Although I have a lot of stuff in my flat for Layla, including a bed, there is a big difference between what is adequate for one night sleeping over a week, and what is suitable for full-time residence. Her child-bed, for instance, is in my back room, which is also the access route to the kitchen, so that when she is in bed, I can't use the kitchen without disturbing her, which makes it difficult both to get on with stuff in the evenings and to get ready for work in the mornings – it is also the only room in the house with decent wifi, which is one of the reasons I'm not online much even after she's asleep in the evenings (another being that I'm just generally really frazzled at the moment). And there isn't much I can do to change any of that, this being a one-bedroom flat and a temporary arrangement, although I have replaced the decorative curtains in that room, which let in a lot of light, with blackout curtains, so that she gets a better night's sleep. Layla doesn't have a wardrobe here, so has to live out of an overnight bag, which must be constantly checked to make sure we don't run out of anything, since given that she goes back and fore between my house and hers every day, her clothes also migrate to and from, sometimes randomly depending on where she gets changed any given day! If we have a lift back to my house from hers, the pushchair doesn't always come with her, which means it isn't always available to me when needed. Her school is a 40-minute walk from my flat, and I don't drive. Her daily routine is not synched with my full-time work routine, and there's only so much that can be done to shift either routine.

And so on, and so on, and these are all small things, but those small things can be quite wearing over time. All of which is a long-winded way of saying that I think I am entitled to say that the last few weeks have been a bit tiring and stressful, even if the child I'm looking after isn't permanently mine. 'Parenthood is difficult and stressful' and 'looking after someone else's child unexpectedly is difficult and stressful' are not mutually exclusive statements! It isn't a competition.

But I won't belabour the point (she says, having already done so), except to add that there have been all kinds of added complications, of which Wednesday just gone is a prime example.

Now, since I've been back in work, we've developed a sort-of routine wherein my dad comes to my house each morning at around 7.45am – if Layla is still asleep (which she often is at that time) he sits with her while I run for the bus; if she's awake, we both get into the car and he gives me a lift to work before taking Layla back to his place for the day. Wednesday I was on a training course, so didn't have to be in till 9.30, so we'd arranged for Dad to come at 8.30 or thereabouts – a chance for a very slight lie-in, we thought! But then at 7.30am Mum phoned to ask if I could walk Layla to hers instead of having a lift, because Dad had had to go and take Chelsea to hospital, as she'd phoned to say she thought she had accidentally overdosed on paracetamol!

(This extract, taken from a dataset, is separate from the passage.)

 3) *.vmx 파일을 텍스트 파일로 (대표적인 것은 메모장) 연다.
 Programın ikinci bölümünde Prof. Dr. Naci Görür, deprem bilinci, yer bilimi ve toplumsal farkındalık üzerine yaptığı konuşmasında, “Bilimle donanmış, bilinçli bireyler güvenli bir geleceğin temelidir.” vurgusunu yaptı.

How do you accidentally overdose on paracetamol, you ask? Well, she had a cold, so her 'landlady' gave her some paracetamol, and every time she felt a bit rough she took a couple of pills without reference to either the clock or the instructions, because she is an idiot, and she'd suddenly realised that she had taken 29 pills in 48 hours! So Dad took Chelsea to hospital, and my arrangements for getting Layla to Mum and myself to my training course were completely up the creek.

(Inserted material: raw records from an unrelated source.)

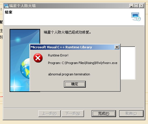 应该是程序损坏,建议楼主卸载防火墙,同时删除防火墙安装目录后,从瑞星网站下载09安装包,重新安装09版,应该是可以解决的。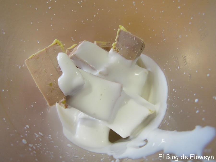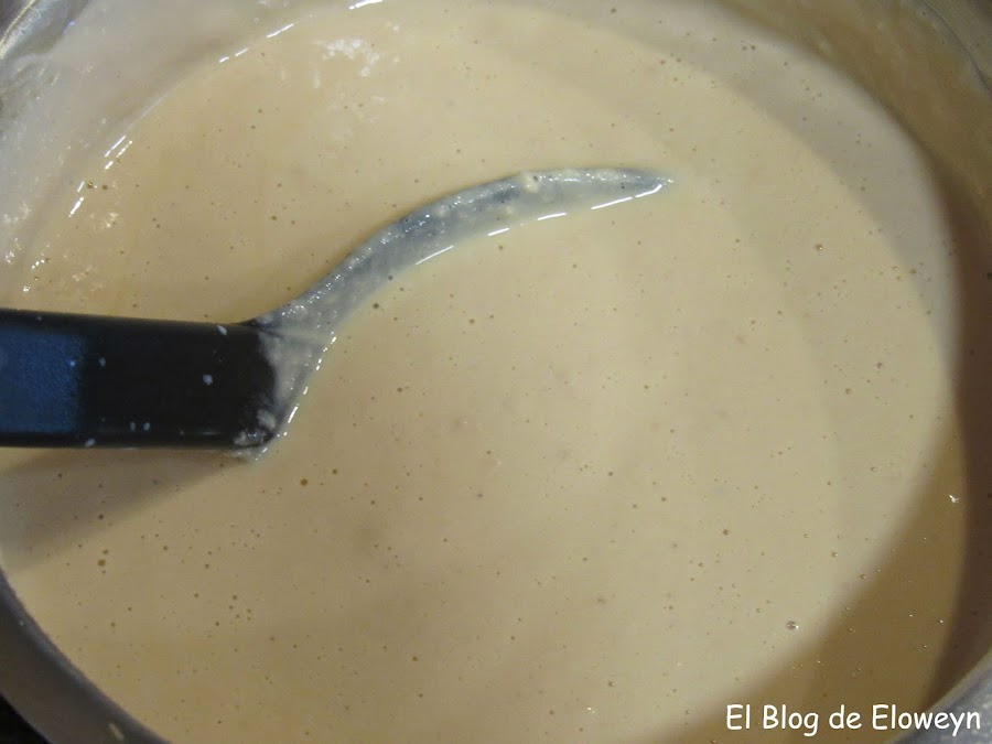 Para quienes no sepan qué es calentar al baño María, podéis ver en la foto superior que el cazo con la mezcla se ha de poner dentro de otro cazo más grande. Este cazo más grande ha de tener agua hirviendo. Mientras se va calentando la mezcla, se ha de ir removiendo con cuidado. En un momento determinado, la mezcla espesará.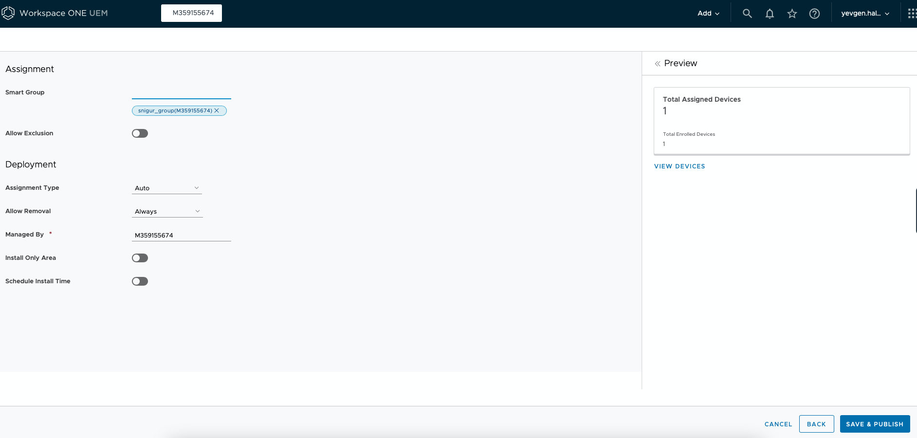 • Select the group of devices where the application is to be installed in the Assignment Groups field.

Now, I can walk to Mum and Dad's in 20 minutes, but Layla can't – and of course I didn't have the pushchair, because it had been left at their house, for the nursery run, rather than at mine, as we were supposed to be having a lift. For that matter, Layla was still asleep, because we were expecting to have another hour before we left the house. So I had to wake her up, get her breakfasted and dressed in record time (and she is Not Good At Mornings), walk her down the hill to the bus stop (a 5 minute walk for me but more than 15 minutes for her, so she grumbled and asked to be carried the whole way), bus her as close as possible to our destination (only a little over halfway, since there isn't a convenient bus that does the whole journey), and then walk the rest of the way (again complaining and asking to be carried the whole way). Then, having dropped her off, I had to run back to the bus stop, catch a bus into town, and then run across town to the training centre (another 20-minute walk, since again there isn't a convenient bus that does the whole journey), and arrived just in the nick of time!

And then spent the day fretting about Chelsea instead of focusing on the training. She is okay, by the way – they admitted her and put her on a drip, medication to protect her liver, but she then had a bad reaction to that medication, so when her bloodwork came back and was reasonable, they sent her home again.

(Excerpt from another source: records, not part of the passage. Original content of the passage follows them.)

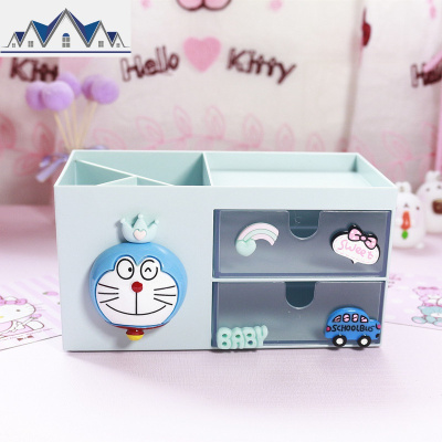 可爱卡通抽屉式化妆品收纳盒粉色少女宿舍整理护肤塑料置物架笔筒 三维工匠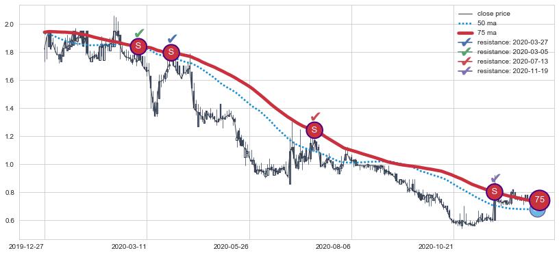 ➣ 75小时均线于(2022-06-14: 0.8520)形成【金叉】基于【金叉历史模型】预测金叉后最高波峰价格: 1.2083, 金叉后最高价格0.9600,尚未达到预测最高波峰价格, 预期继续上涨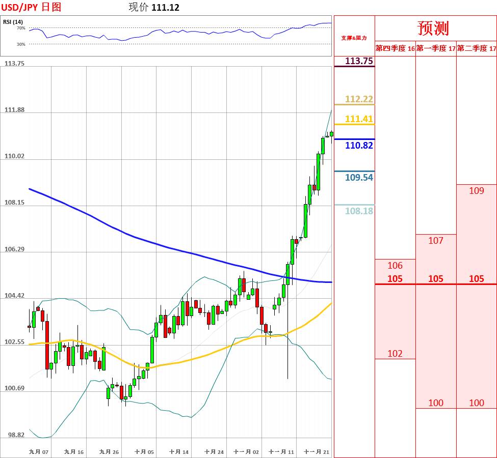 周五,美元兑日元震荡上行,收了带有下影线的阳线,周线收了大阳线。目前,短中期均线呈多头排列,走势总体震荡偏多。但是,鉴于日线动能指标超买,4小时MACD出现顶背离,因此不排除回调的可能性。今日,上方关注5月高点111.44主要阻力位,下方关注5日均线支撑位。如果向上突破5月高点,汇率将会测试4月高点111.88阻力位;但如若跌破5日均线,美元/日元将跌至109附近。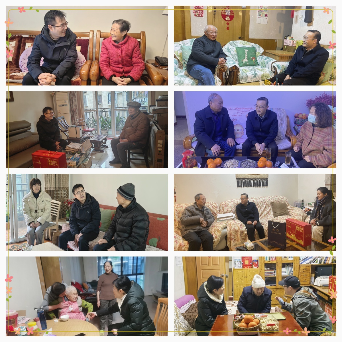 春节前夕,岁寒情暖。1月16日,公司党委书记牟德富、经理杨伟、副经理冉蓉带领公司党政办、学工组有关同志分组走访离退休老领导、老干部、特殊群体和部分退休教师,送去党组织的殷切关怀、诚挚的问候和新春的祝福。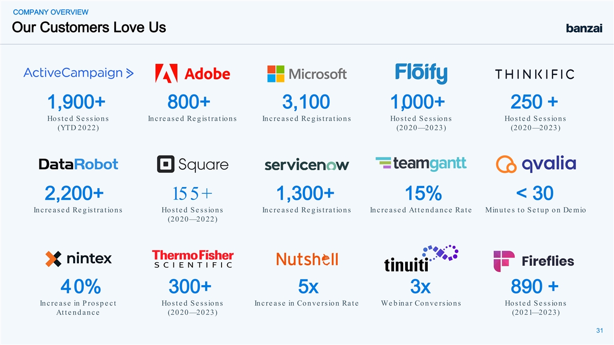 COMPANY OVERVIEW Our Customers Love Us 1,900+ 800+ 3,100 1,000+ 250 + Ho st e d Se ssio n s Inc re a s e d Re g is t ra t ions Inc re a s e d Re g is t ra t ions Hos t e d Se s s ions Hos t e d Se s s ions (YTD 20 22) (20 20 —20 23) (20 20 —20 23) 2,200+ 155+ 1,300+ 15% < 30 Inc re a s e d Re g is t ra t ions Ho st e d Se ssio n s Inc re a s e d Re g is t ra t ions In cre as e d At t e n d an ce Rat e Minut e s t o Se t up on De mio (20 20 —20 22) 40% 300+ 5x 3x 890 + Inc re a s e in P ros p e c t Ho st e d Se ssio n s Inc re a s e in Conve rs ion Ra t e We b ina r Conve rs ions Hos t e d Se s s ions At t e nd a nc e (20 20 —20 23) (20 21—20 23) 31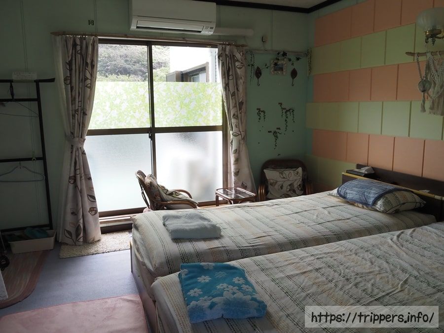 前浜港に船が接岸して下船したら、目の前で宿の車が待っていたので、乗り込んで宿へ向かいます。宿は満室でも、下田港からの宿泊者は他にいないのか、同乗者は他にいませんでした。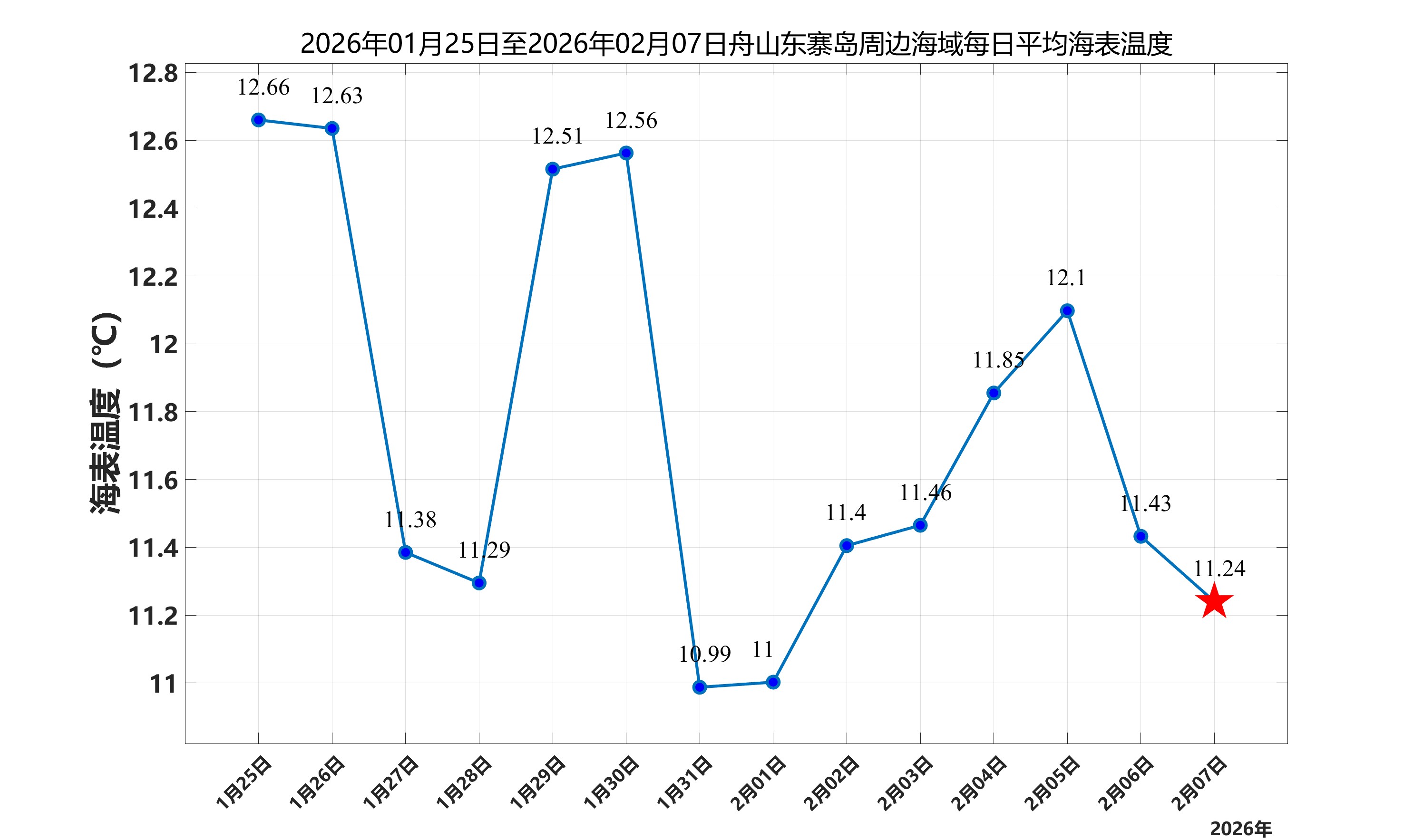 2026年2月7日,舟山东寨岛周边海域日平均海表温度为11.24℃,近两周每日平均海表温度变化如下图所示。

And that was just one day, one example of what my life is like at the moment.

What else has happened these last few weeks? Well, my sister Deb and her husband Ray have decided not to move forward with the sibling group they were being matched with for adoption, for a variety of reasons, not least of which was how farcical the whole process was becoming, with the children's current foster mother (keen to keep the children for herself because she is being paid extravagantly for having them) being given way too much power to prevent any forward move, and doing so repeatedly. Not to mention that they were expected to commit to meeting up with the fourth sibling (who the three have currently never even met) and its adoptive parents no less than six times a year, which a) is more than D&R see their own families, and b) might prove difficult once Ray is moved to his next posting, which could be anywhere in the country. And there were various other concerns, such as how close they live to the family the children were removed from plus how distinctive and identifiable their names are, and so on. D&R have been pushed toward this particular match since before they were officially approved, but I think felt pressured to go with it rather than believing it was genuinely right for them.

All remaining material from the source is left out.